▶ _WORKING DATA_

------------------------

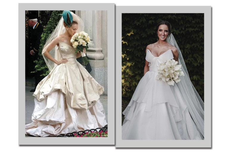 O brilho e o volume voltam com tudo nos anos 2000. O véu, aos pouquinhos, volta a aparecer. Grande inspiração desta tendência foi o icônico vestido usado por Carrie Bradshaw, em “Sex and the City”.
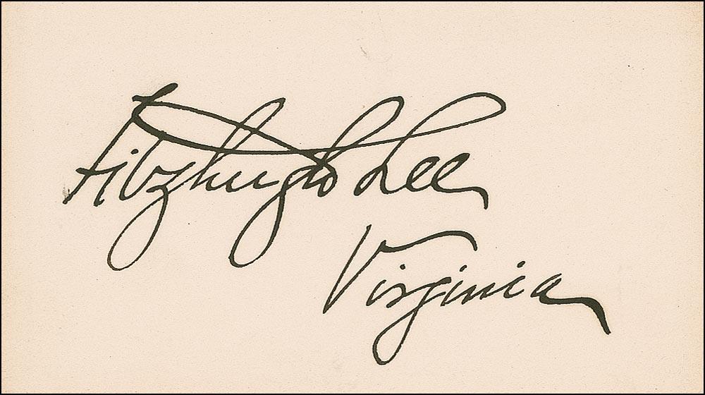 American soldier and politician (1835–1905), nephew of Robert E. Lee, who was a Confederate cavalry general during the Civil War and a general during the Spanish-American War. In the interval between the two wars, Lee served as Governor of Virginia and Consul General at Havana. Vintage ink signature, “Fitzhugh Lee, Virginia,” on an off-white 3.25 x 2 card. In fine condition.
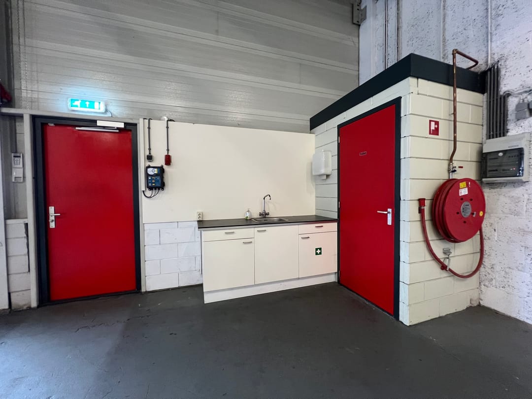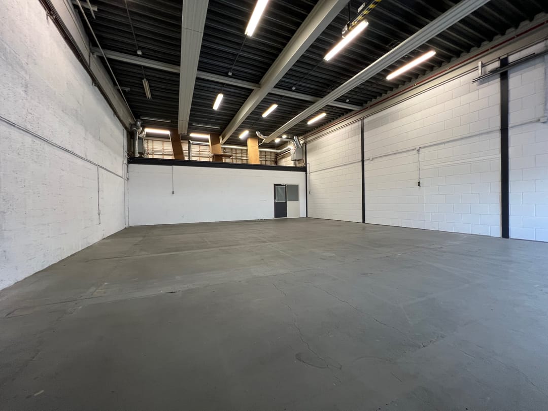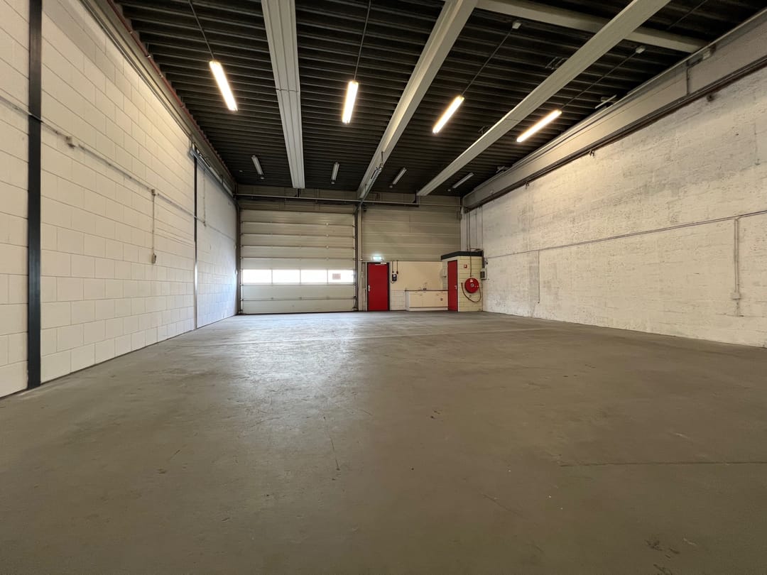 - Overheaddeuren, betonvloer, toilet en pantry
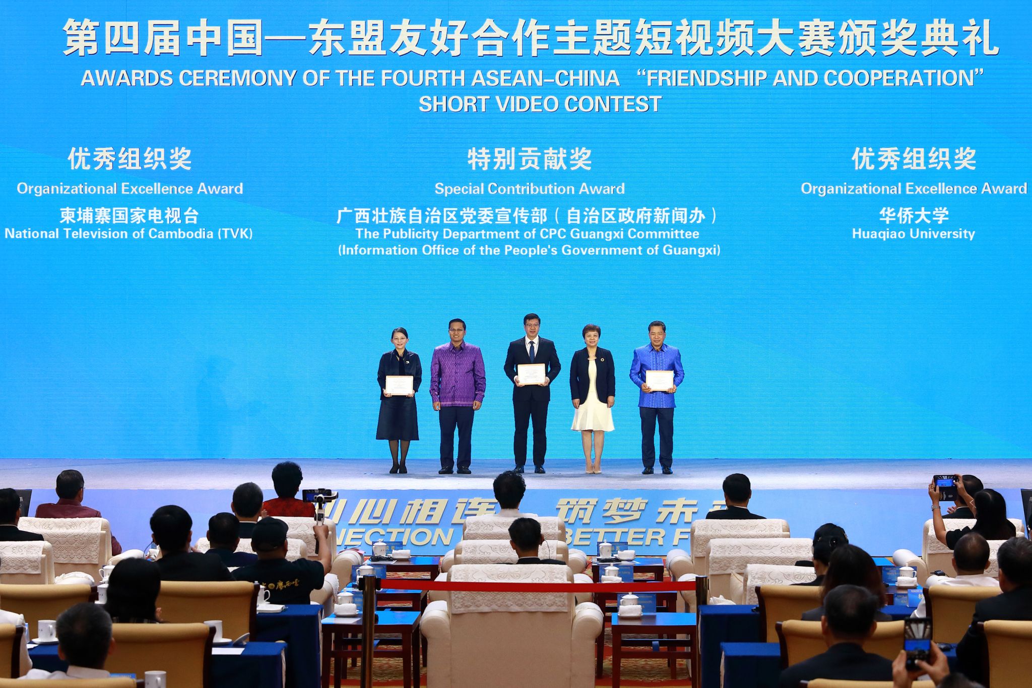 2024年是中国—东盟人文交流年,3月26日,第四届“中国—东盟友好合作”主题短视频大赛颁奖典礼在广西南宁举办。beat365唯一官网“海外新声代”工作室作品《汉语改变人生》获A单元优秀奖。因突出贡献,beat365唯一官网与柬埔寨国家电视台获颁优秀组织奖。
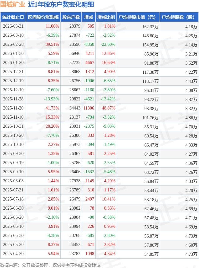 从股价来看,2026年3月10日至2026年3月31日,国城矿业区间涨幅为11.06%,在此期间股东户数增加505.0户,增幅为1.81%。
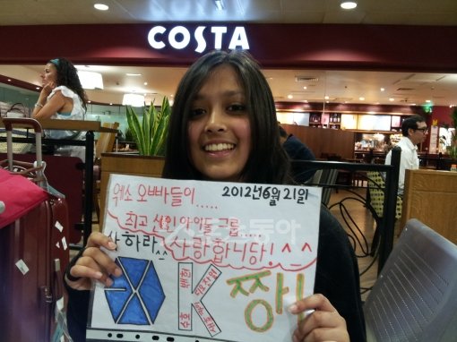 영국 소녀 사하라가 런던 히스로공항에서 한글 피켓을 들고 환하게 웃고 있다. 런던|전영희 기자
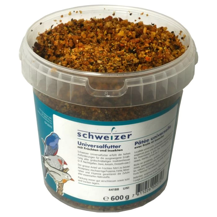 Universalfutter mit Früchten, Insekten und Lecithin. SCHWEIZER Universalfutter erfüllt die hohen Anforderungen für die ausgewogene Ernährung aller grobschnäbligen Insektenfresser (z.B. Nachtigallen, Stare, Amseln, Drosseln usw.).
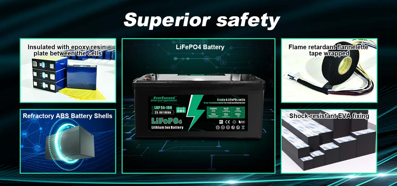 --Kami menggunakan baterai lithium besi fosfat, yang tidak mudah terbakar, tidak meledak, dan memiliki rentang suhu operasi yang luas, sehingga dapat menjamin keamanan penggunaan.
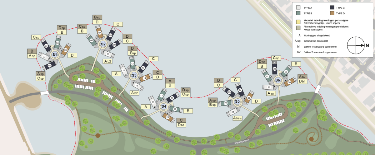 Wonen op en aan het water is een belevenis die met niets te vergelijken is. Vanaf de oever loop je over de toegangsbrug naar één van de drijvende waterhoven. Hier ligt jouw waterwoning fraai aangemeerd. Vanaf je steiger heb je een fenomenaal uitzicht over de plas, een heerlijke plek om te zonnen of een frisse duik te nemen. ’s Avonds geniet je hier van een magistrale zonsondergang die het water diepblauw kleurt.
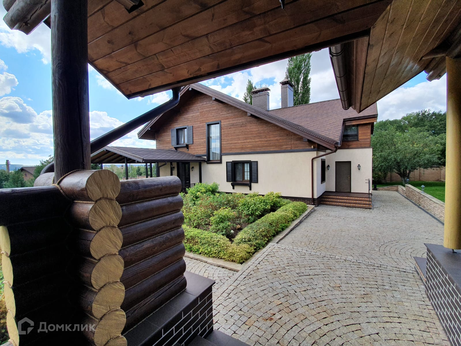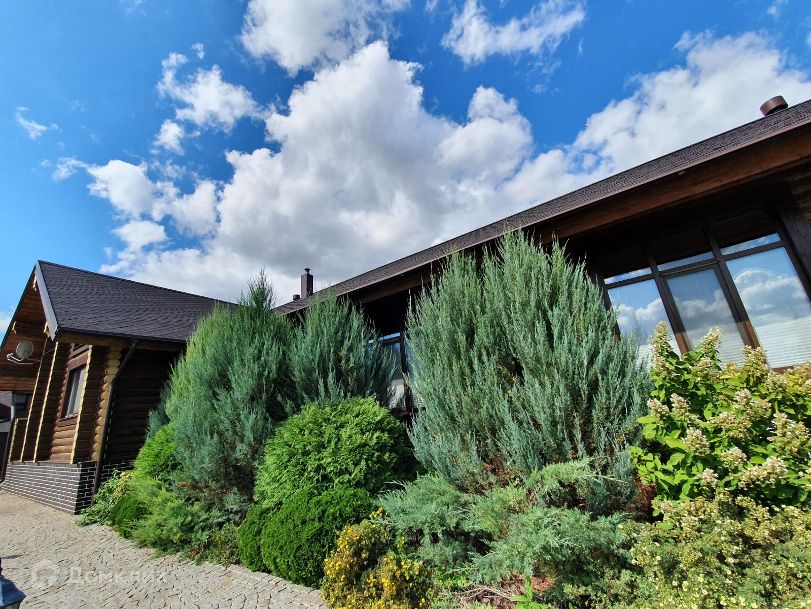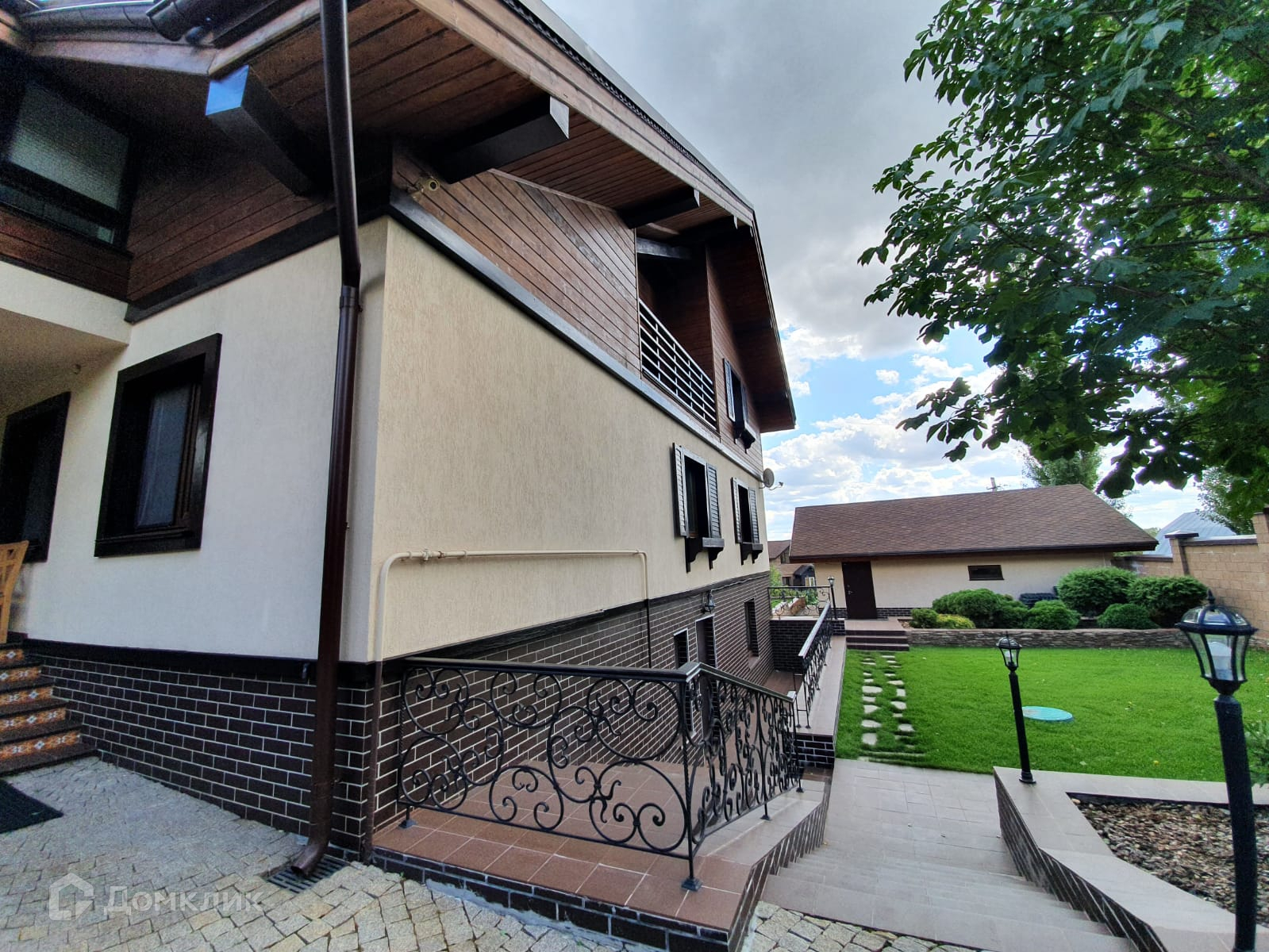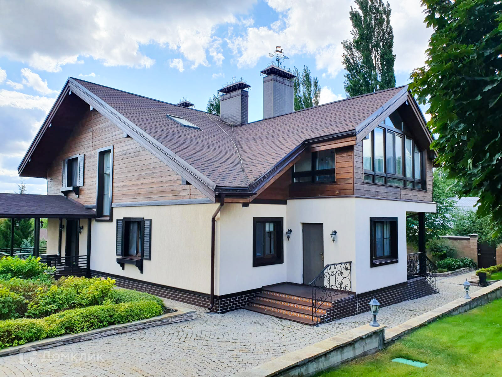 Красивый дизайн дома, вокруг дома и дорожки выложены брусчаткой, забор по периметру.
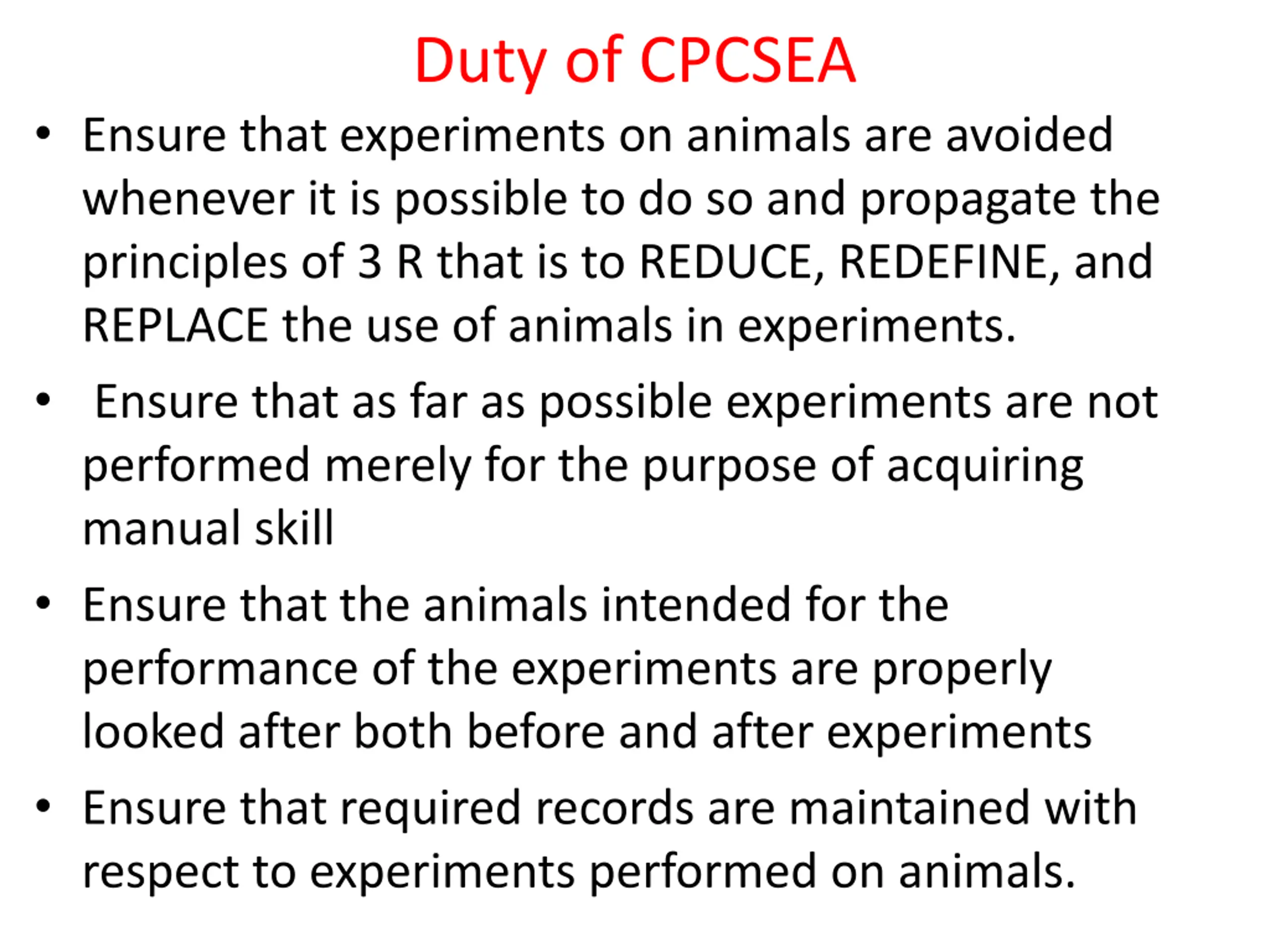 Duty of CPCSEA Ensure that experiments on animals are avoided whenever it is possible to do so and propagate the principles of 3 R that is to REDUCE, REDEFINE, and REPLACE the use of animals in experiments. Ensure that as far as possible experiments are not performed merely for the purpose of acquiring manual skill Ensure that the animals intended for the performance of the experiments are properly looked after both before and after experiments Ensure that required records are maintained with respect to experiments performed on animals.
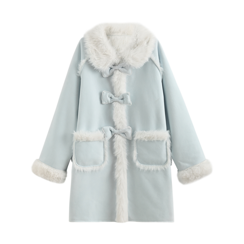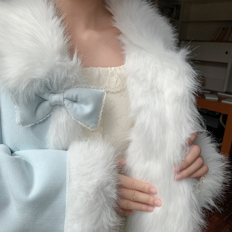 森女部落甜美风设计感毛绒宽松外套女拼接娃娃领宽松百搭大衣冬季 - 森女部落SNBL
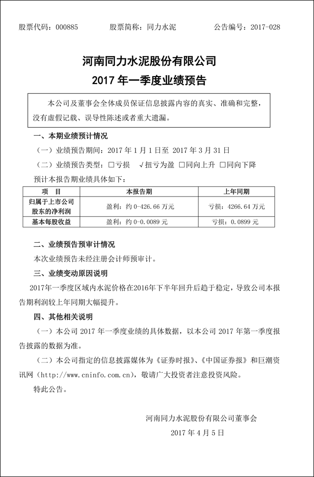 同力水泥(000885)4月5日晚間公告,公司預(yù)計(jì)2017年一季度實(shí)現(xiàn)扭虧,盈利不超過426.66萬元,上年同期為虧損4266.64萬元;扭虧原因?yàn)楫?dāng)季區(qū)域內(nèi)水泥價(jià)格在2016年下半年回升后趨于穩(wěn)定。同力水泥今日漲停,報(bào)收24.09元/股。
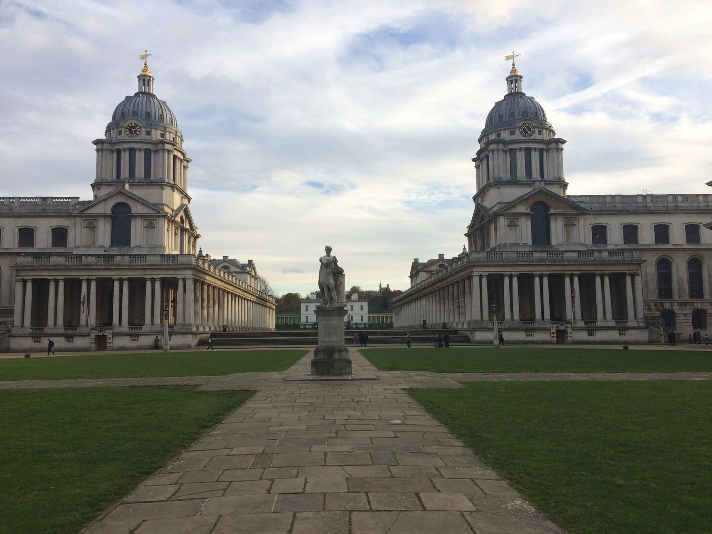 Nachdem ich alles gesehen hatte, ging ich weiter und kam schließlich bei der Greenwich University an. Das Gelände besteht aus mehreren, sehr altertümlichen Gebäuden, die direkt an der Themse liegen und auf der anderen Seite an einen Park angrenzen. Auch wenn ich bisher noch nicht dort war, hat es mich an Oxford erinnert. Um einen besseren Überblick zu bekommen, bin ich dann in den Park auf einen Hügel hinauf spaziert, wo sich auch das Royal Observatory, ein Museum und Planetarium befindet. Mir blieb wirklich der Atem weg. Nicht weil der Aufstieg auf den Hügel so anstrengend war (naja, ein bisschen auch deswegen), sondern weil mich eine atemberaubende Aussicht erwartete. Man konnte von dort oben nicht nur das Greenwich University-Gelände sehen, sondern schaute quasi auf ganz London hinab. Rechts die O2-Konzerthalle, geradeaus das Finanzzentrum Londons mit seinen Wolkenkratzern und links "The Gherkin" - typisch für die Skyline Londons mit seiner einzigartigen Form. Ich war wirklich begeistert. Und das Beste an der Sache: Fast keine Touristen. Das Gelände und der Park sind riesig. Das bedeutet, die wenigen, die sich hier her verirren, verlaufen sich, und man hat das Gefühl, den Ort ganz für sich alleine zu haben. Ein wunderbarer "secret spot", der mich besonders mit der unerwarteten Aussicht begeistert hat!

------------------------

▶ _PROBLEM STATEMENT_
All lines above starting at the one with "Wonen op en" and ending at the one with "同力水泥(000885)4月", inclusive, are to be printed again exactly, with the pictures left out.

▶ _OUTPUT_
 Wonen op en aan het water is een belevenis die met niets te vergelijken is. Vanaf de oever loop je over de toegangsbrug naar één van de drijvende waterhoven. Hier ligt jouw waterwoning fraai aangemeerd. Vanaf je steiger heb je een fenomenaal uitzicht over de plas, een heerlijke plek om te zonnen of een frisse duik te nemen. ’s Avonds geniet je hier van een magistrale zonsondergang die het water diepblauw kleurt.
 Красивый дизайн дома, вокруг дома и дорожки выложены брусчаткой, забор по периметру.
 Duty of CPCSEA Ensure that experiments on animals are avoided whenever it is possible to do so and propagate the principles of 3 R that is to REDUCE, REDEFINE, and REPLACE the use of animals in experiments. Ensure that as far as possible experiments are not performed merely for the purpose of acquiring manual skill Ensure that the animals intended for the performance of the experiments are properly looked after both before and after experiments Ensure that required records are maintained with respect to experiments performed on animals.
 森女部落甜美风设计感毛绒宽松外套女拼接娃娃领宽松百搭大衣冬季 - 森女部落SNBL
 同力水泥(000885)4月5日晚間公告,公司預(yù)計(jì)2017年一季度實(shí)現(xiàn)扭虧,盈利不超過426.66萬元,上年同期為虧損4266.64萬元;扭虧原因?yàn)楫?dāng)季區(qū)域內(nèi)水泥價(jià)格在2016年下半年回升后趨于穩(wěn)定。同力水泥今日漲停,報(bào)收24.09元/股。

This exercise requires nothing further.